» Your goal: Each line below from the "2月20日,手机版伟德app" line through the "リピート割引、クーポン管理な" line, those two included, must be restated word for word; the pictures must not be.

· · · ·

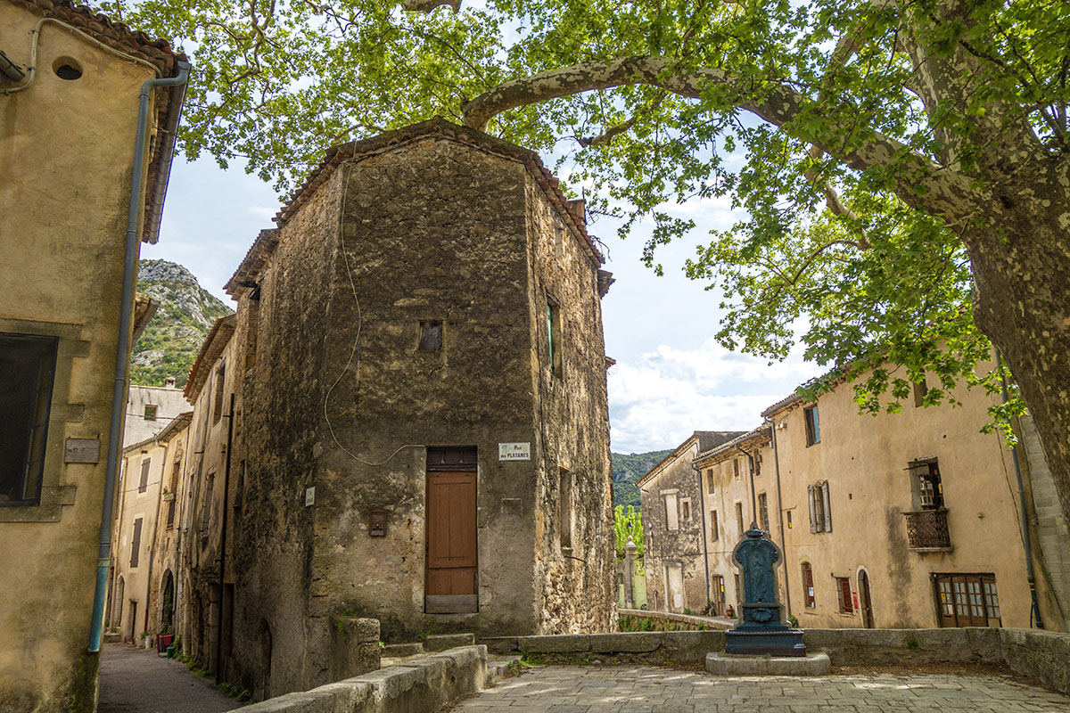 Les ruelles sont typique des villages médiévaux du Languedoc. Les grands platanes plus que centenaires invitent à se poser près de la fontaine sur une petite place ombragée. On tombe tout de suite sous le charme 🙂
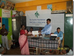 'Whole School Turnaround' is a two year project, in which we make very intensive effort aimed at improving schools under four domains namely leadership and management,teaching and learning, student environment and community involvement. Our intervention in schools ends with putting systems in place and ensuring sustainability of the impact of the project. Whole school Turnaround at Government higher primary school, Yelheri in Yadgir district of Karnataka has been successfully completed.To celebrate success and to recognize teachers for their contribution, a graduation ceremony was organized by The Teacher Foundation in the school for the headmaster and assistant teachers on 23 June 2011, at GHPS ,Yelheri. The school was certified and each individual in the school was acknowledged for his/her effort in brining about a change in the school. This was an occasion for the teachers and TTF to share their happiness, thoughts and exchange gratitude.
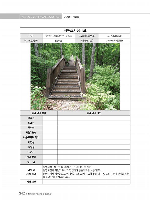 2018 백두대간보호지역 생태계 조사 삽당령 신배령 342 ? National Institute of Ecology 지형조사상세표 구간 삽당령신배령 삽당령닭목재 도엽명 도엽번호 고단 378083 격자번호-연번 E2-06 지형명 기호 기타 인공시설물 등급 평가 항목 등급 평가 기준 대표성 희소성 특이성 재현가능성 학술?교육적 가치 자연성 다양성 규모 기타 항목 등 급 위치 및 사진 설명 촬영지점 N37°36′26.99″, E128°49′29.91″ 촬영지점과 지형의 위치가 인접하여 동일좌표를 사용하였다. 삽당령에서 석두봉으로 이어지는 등산로에는 토양 유실 방지 및 등산객들의 편의를 위한 목책 계단이 설치되어 있다. 기타의견
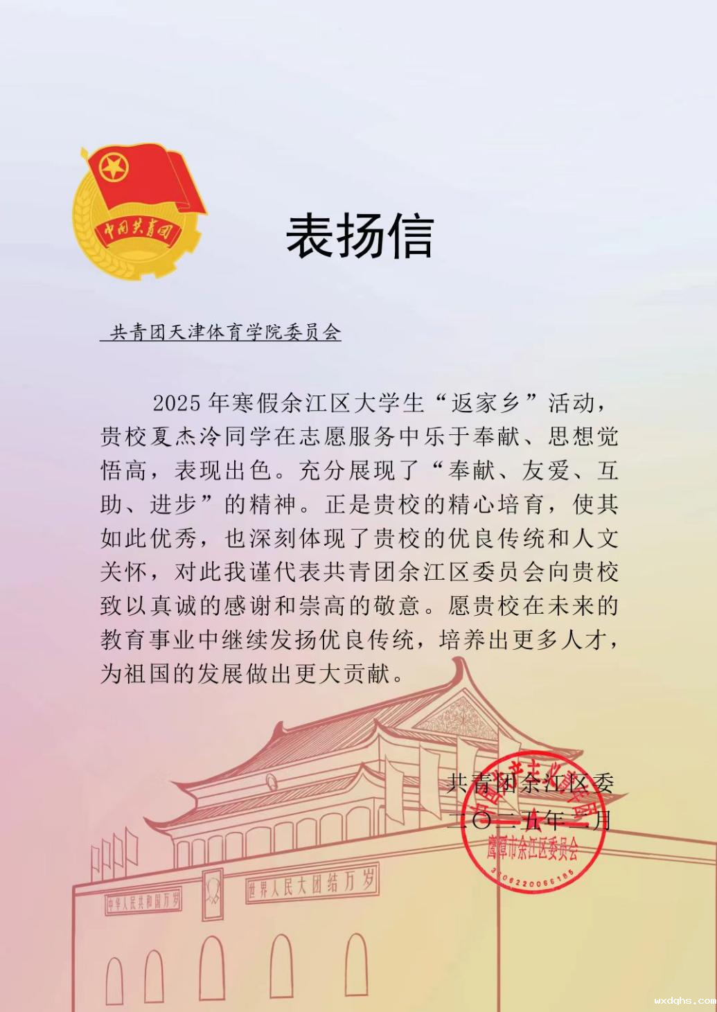 2月20日,手机版伟德app客户端下载官网网址在哪看团委收到了一封来自江西省鹰潭市余江区团委的表扬信,信中高度赞扬了这位学子在家乡的卓越表现。
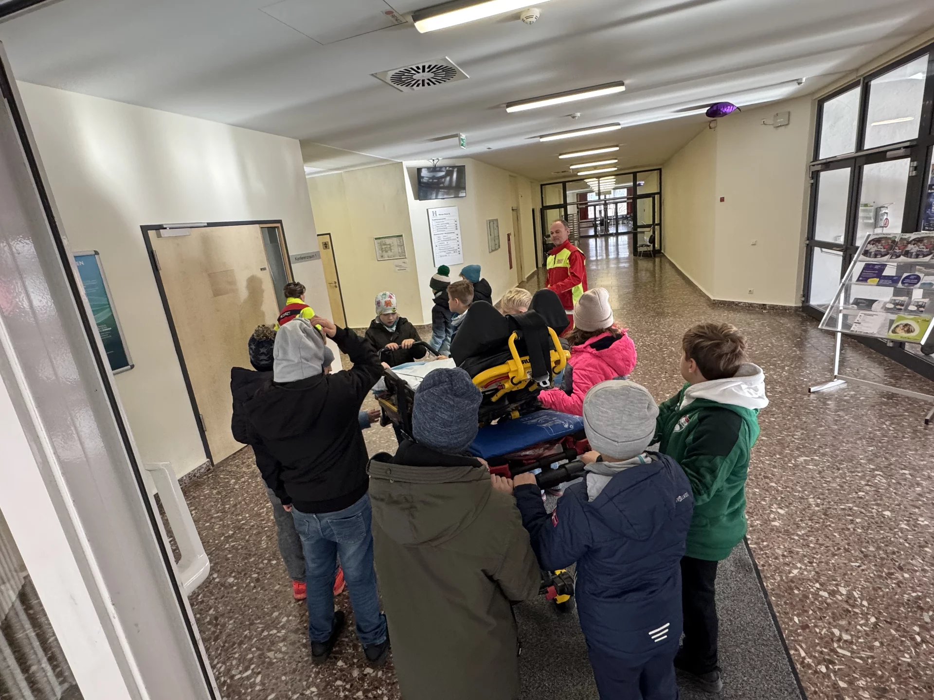 Am 18. November 2025 erlebte die Klasse 4b einen ganz besonderen und spannenden Ausflug nach Erfurt. Gleich am Morgen stand der Besuch des Helios Klinikums auf dem Programm. Dort nahmen die Schülerinnen und Schüler im Rahmen der Kinderuni am Lehrgang „Tatütata – der Rettungswagen ist da“ teil.
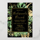 Dieses elegante Brunch-Angebot von Brautmädchen mit tropischen Blätter aus Grün und Goldpalme, Philodendron und Farn auf schwarzem Hintergrund. Ein eleganter Rahmen aus Goldfolie hebt den Goldfolientext hervor. Goldfolien-Spritzer unterstreichen dieses exotische botanische Design und bringen ein bisschen moderne Laune in die Einladung. Diese Insel-Oase lädt zu einem beliebten Brunch mit köstlichen Salons, Strand oder tropischen Brautmädchen ein.
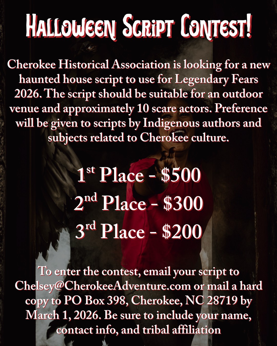 Halloween Script Contest. Submit by March 1. Cherokee Historical Association is looking for a new haunted house script to use for Legendary Fears 2026. Should be suitable for outdoor venue and approximately 10 scare actors. Preference will be given to scripts by Indigenous authors and subject related to Cherokee culture. Info: Chelsey@CherokeeAdventure.comm
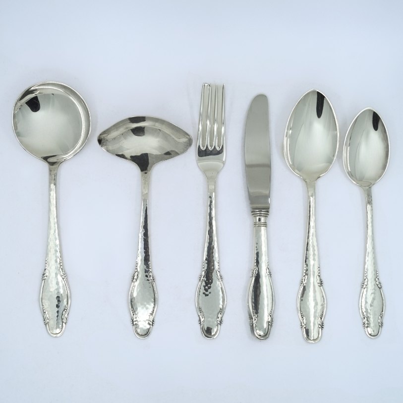 Bestik af tretårnet sølv til 12 personer. I alt 74 dele,
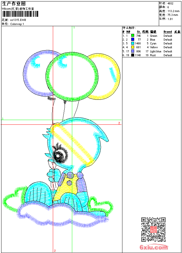 - emb花版参数: 大小:60.00 KB / 尺寸:75*113[毫米] / 针数:4932针 / 线色:6 / 格式:emb / 版本:9
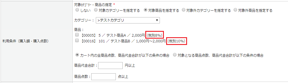 リピート割引、クーポン管理などの設定画面にて商品の消費税率が表示されるようになります。
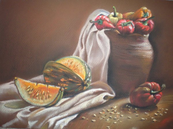 Натюрморт пастелью на черном фоне - это изысканное и элегантное произведение искусства, которое привлекает внимание своей глубиной и контрастностью. Черный фон создает идеальную платформу для ярких и насыщенных красок пастели, позволяя им выделяться и раскрываться во всей своей красоте. Композиция натюрморта завораживает своим тщательно подобранным выбором объектов: цветочные букеты, фрукты, предметы интерьера или даже простые повседневные предметы. Игра света и тени, отражения и текстуры создают глубокий пластический эффект, придают ощущение реальности и объема. Натюрморт пастелью на черном фоне - это не только проявление художественного мастерства, но и возможность увидеть привычные предметы в совершенно новом свете, окунуться в атмосферу загадочности и красоты.
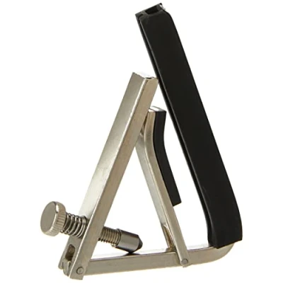 Improved model: nickel-plated metal design Adjustable thumb screw with durable metal tip Flat model for acoustic guitars - width: 65 mm Metal, nickel plated Adjustable knurled screw with long-lasting metal tip Metal, nickel plated Adjustable knurled screw with long-lasting metal tip Flat model for classic guitar: width 65 mm
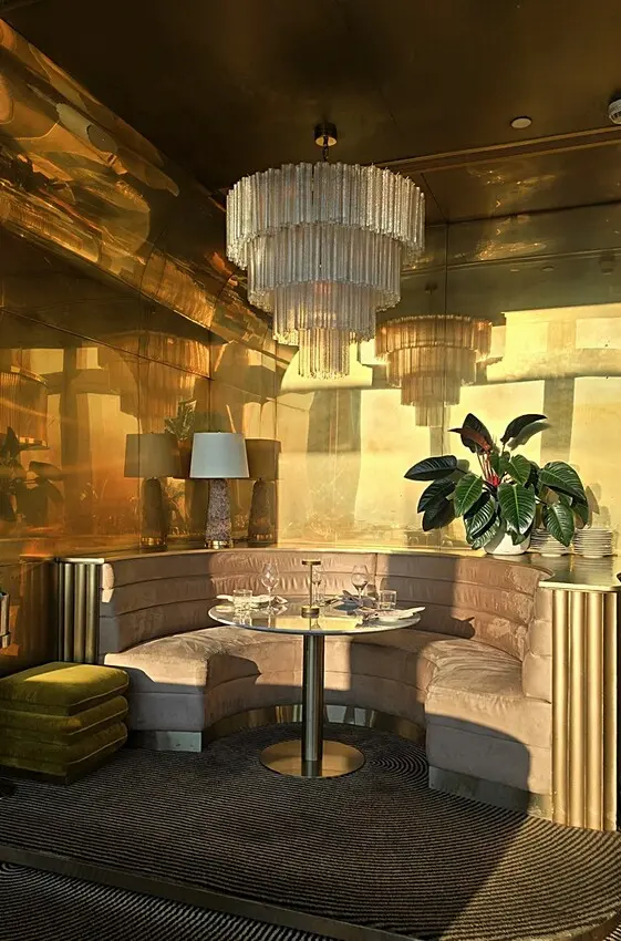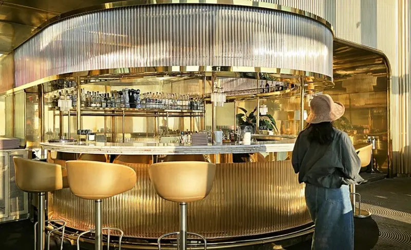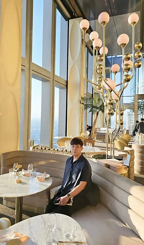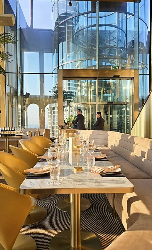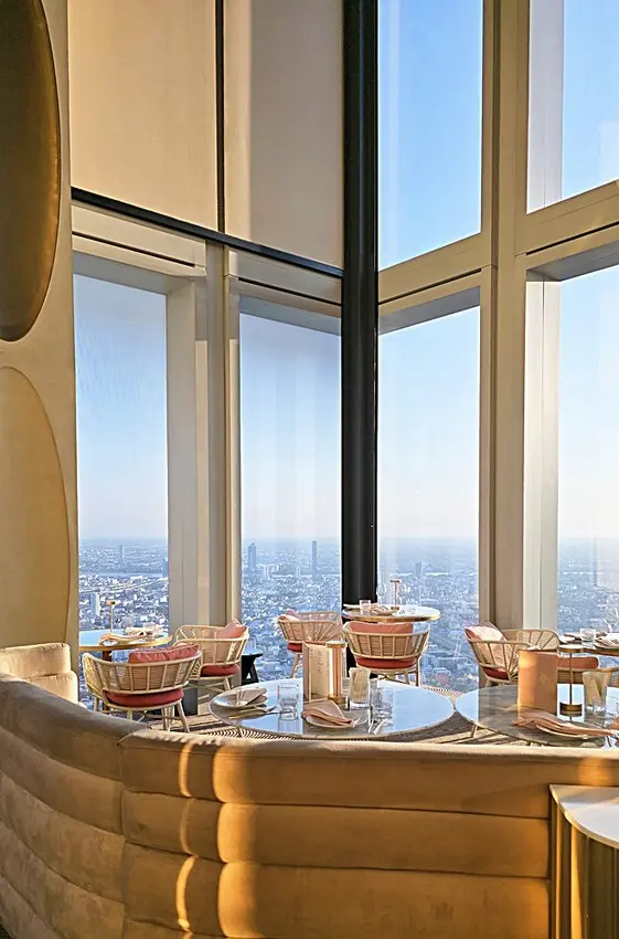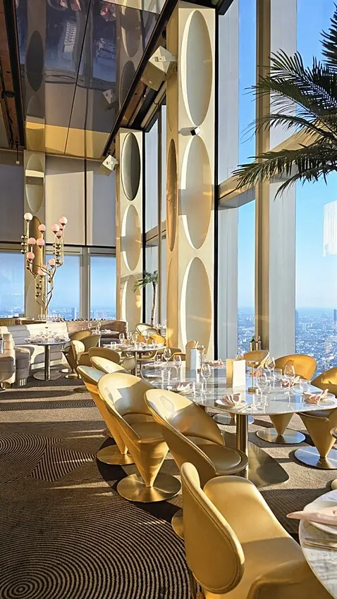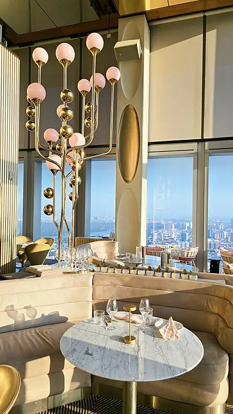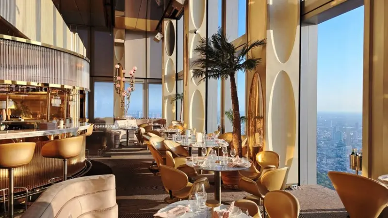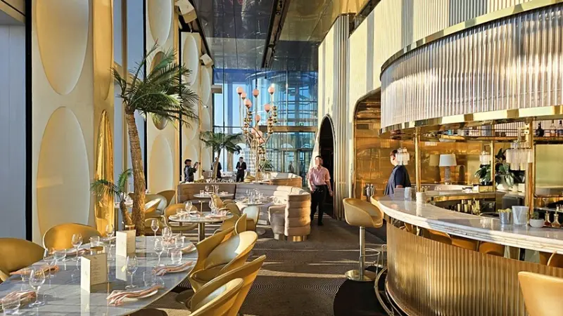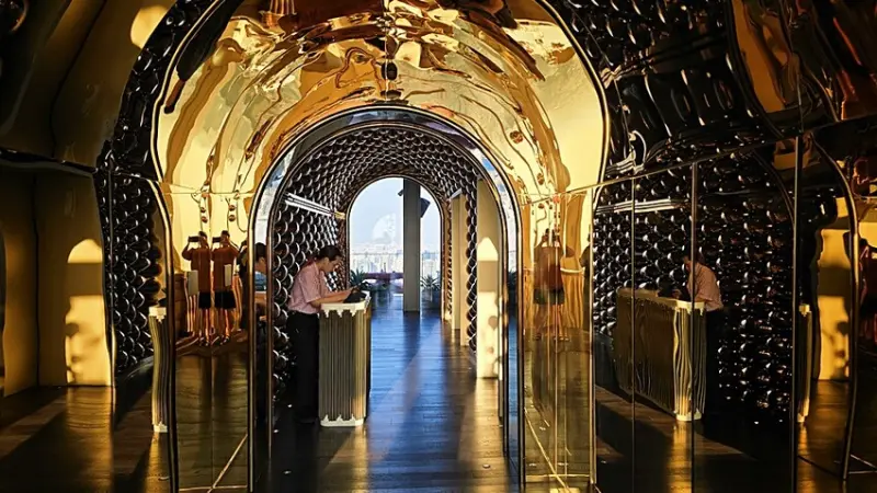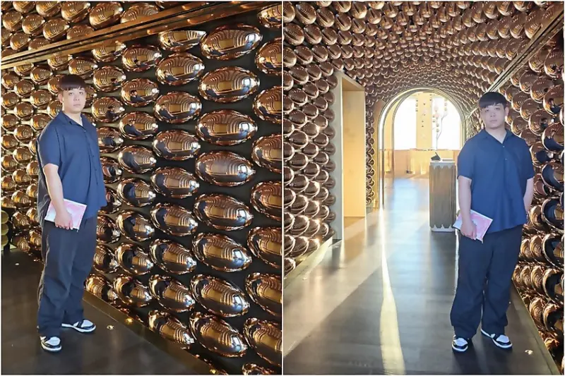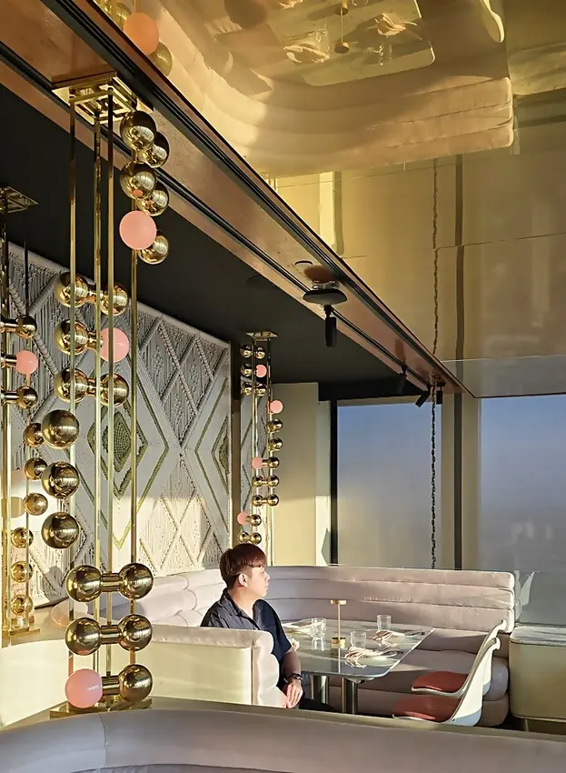 我們是訂傍晚五點半的時間,所以搭著快速電梯直達76樓!!門一開的瞬間,就被那點綴金銅的鏡面隧道給震撼到,這裡也太美了,宛如把寶石都鑲在牆面上,營造出一種視覺上的盛宴!!
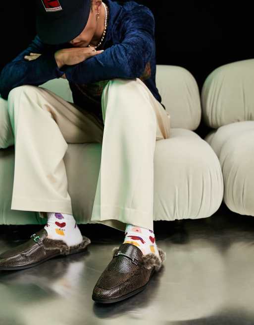 ASOS DESIGN backless mule loafers in brown snake faux leather with Very well made.
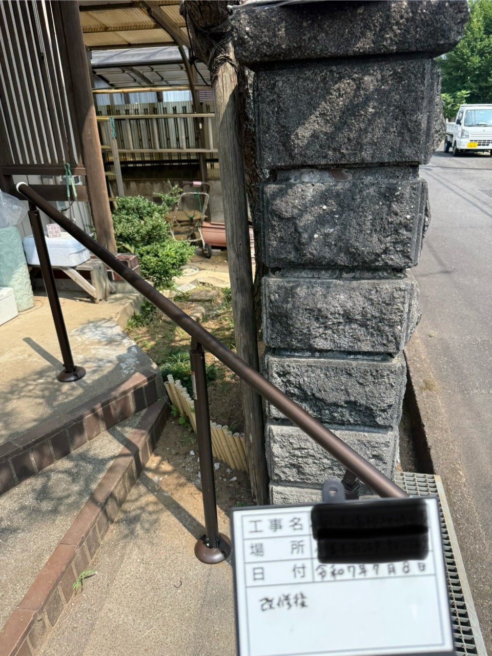 今回の工事は道路から玄関までのアプローチに段差があるため手すりを設置する工事でした。
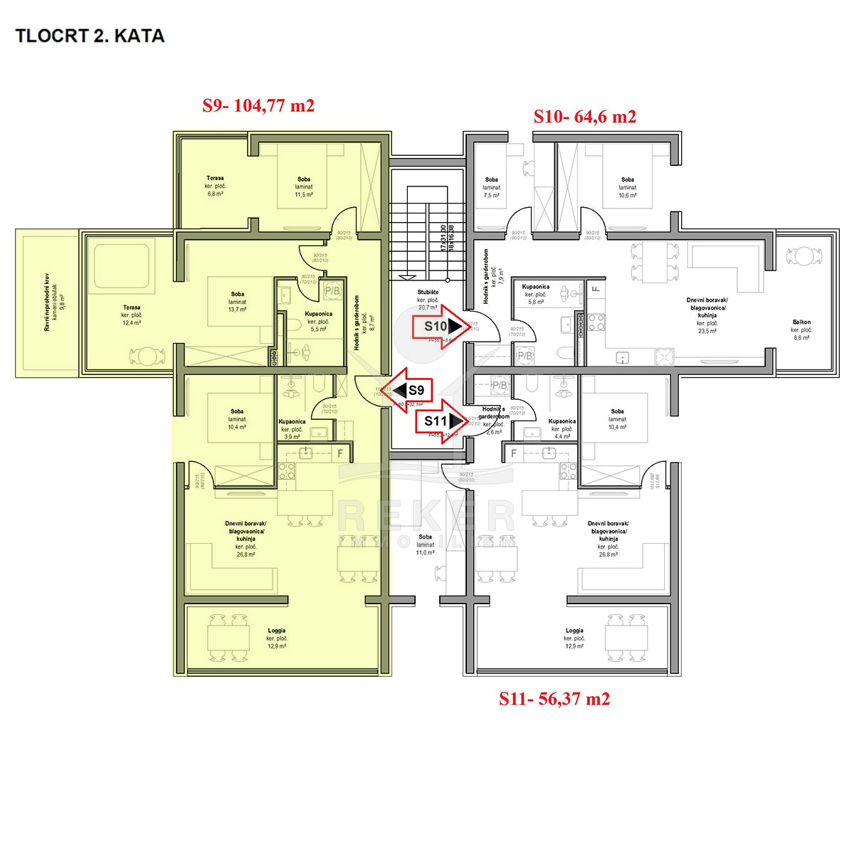 Die größte Wohnung im Gebäude bietet viel Raum und klare Struktur. Drei Schlafzimmer, zwei Badezimmer und mehrere Außenflächen unterstützen unterschiedliche Anforderungen im Alltag.
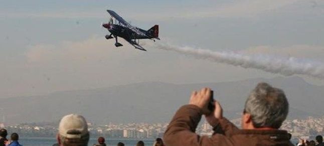 Açılışta milli akrobasi pilotu Ali İsmet Öztürk’ün şovunu kaçırmak istemeyen yüzlerce İzmirli, Gündoğdu Meydanı ve Kordon’a akın etti. Paraşüt ve model uçakların gösterisinin ardından körfezin üzerinde Öztürk, ‘Mor Menekşe’ adını verdiği uçağı ile akrobasi gösterilerine başladı. Ali İsmet Öztürk, uçağı ile gökyüzünde bir yılan gibi uçağı ile kıvrılarak bazen bir insan silueti yarattı, kalpler çizdi. İzmirliler ellerinde kamera ve cep telefonları ile gösteriyi görüntülemeye çalıştı.

· · · ·

» Final answer:
 2月20日,手机版伟德app客户端下载官网网址在哪看团委收到了一封来自江西省鹰潭市余江区团委的表扬信,信中高度赞扬了这位学子在家乡的卓越表现。
 Am 18. November 2025 erlebte die Klasse 4b einen ganz besonderen und spannenden Ausflug nach Erfurt. Gleich am Morgen stand der Besuch des Helios Klinikums auf dem Programm. Dort nahmen die Schülerinnen und Schüler im Rahmen der Kinderuni am Lehrgang „Tatütata – der Rettungswagen ist da“ teil.
 Dieses elegante Brunch-Angebot von Brautmädchen mit tropischen Blätter aus Grün und Goldpalme, Philodendron und Farn auf schwarzem Hintergrund. Ein eleganter Rahmen aus Goldfolie hebt den Goldfolientext hervor. Goldfolien-Spritzer unterstreichen dieses exotische botanische Design und bringen ein bisschen moderne Laune in die Einladung. Diese Insel-Oase lädt zu einem beliebten Brunch mit köstlichen Salons, Strand oder tropischen Brautmädchen ein.
 Halloween Script Contest. Submit by March 1. Cherokee Historical Association is looking for a new haunted house script to use for Legendary Fears 2026. Should be suitable for outdoor venue and approximately 10 scare actors. Preference will be given to scripts by Indigenous authors and subject related to Cherokee culture. Info: Chelsey@CherokeeAdventure.comm
 Bestik af tretårnet sølv til 12 personer. I alt 74 dele,
 - emb花版参数: 大小:60.00 KB / 尺寸:75*113[毫米] / 针数:4932针 / 线色:6 / 格式:emb / 版本:9
 リピート割引、クーポン管理などの設定画面にて商品の消費税率が表示されるようになります。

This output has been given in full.